Three board members—Geeta Chandan-Edmond, Hilbert Foster and Mervyn Williams—have since resigned in protest and refuted the Prime Minister’s claim that no vote had been taken on Duncan’s fate but instead asking board members’ views. Chandan-Edmond has said the board’s minutes prove that the Prime Minister’s virtual hearsay account is not factual.
Duncan, who is the AFC’s Region 4 Chairman, is regarded as somewhat of a power-player in the run-up to his party’s National Conference which would decide the fate of Nagamootoo as prime minister should the coalition win the next general elections.
Nagamootoo and AFC Chairman, Khemraj Ramjattan have been jostling each other for the prime ministerial candidacy.
AFC Leader Raphael Trotman has already publicly reasoned that to replace Nagamootoo would be to vindicate the opposition People’s Progressive Party that the David Granger-Nagamootoo ticket has failed Guyana since the coalition came to power in 2015.

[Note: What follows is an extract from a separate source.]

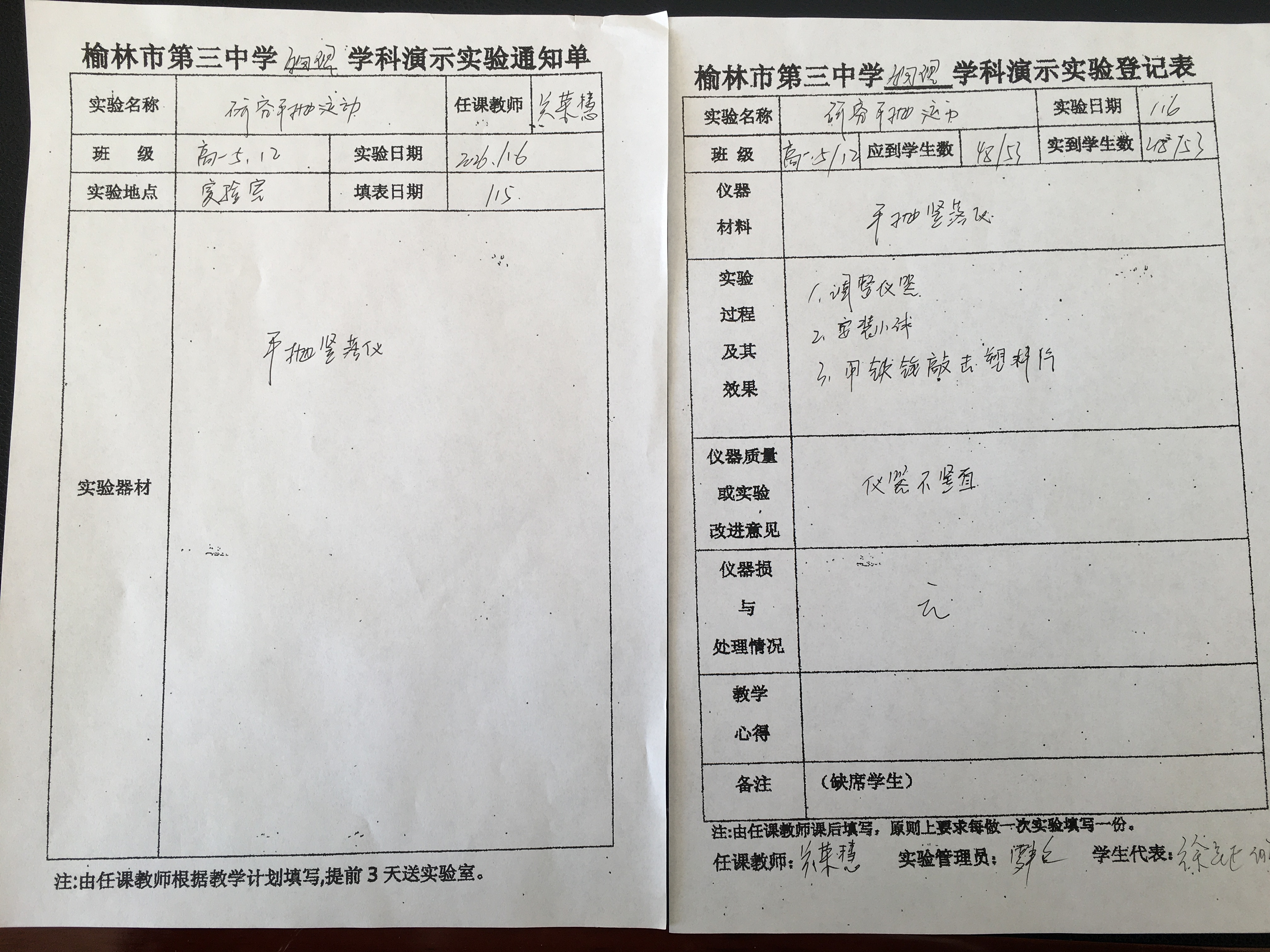 实验登记表
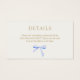 Estas encantadoras tarjetas de gabinete de detalles de boda blanco y negro incluyen los detalles de su sitio web y el código QR para ayudar a los huéspedes. La plantilla incluye texto personalizado de moda en color oro falso. El moderno ilustracion azul de la cinta permite disfrutar de un tono alegre y de una elegancia juvenil. Dos iniciales al lado de atrás.

Nagamootoo has already sent a clear signal at a government outreach on the Essequibo Coast that he is vying for the number two spot in the government again when he remarked that he and the President have discussed the possibility of providing free university education “in our second term in office”.
Critics of Ramjattan inside and outside the party do not believe he deserves to be Prime Minister because he has not managed the security sector effectively. In recent weeks, the Public Security Minister has been defending his record especially in light of concerns about increased robberies.
Opposition Leader Bharrat Jagdeo often taunts Nagamootoo, saying he is virtually a rubber stamp without any real responsibilities and he has not even delivered on the coalition’s promise to further reform Guyana’s constitution.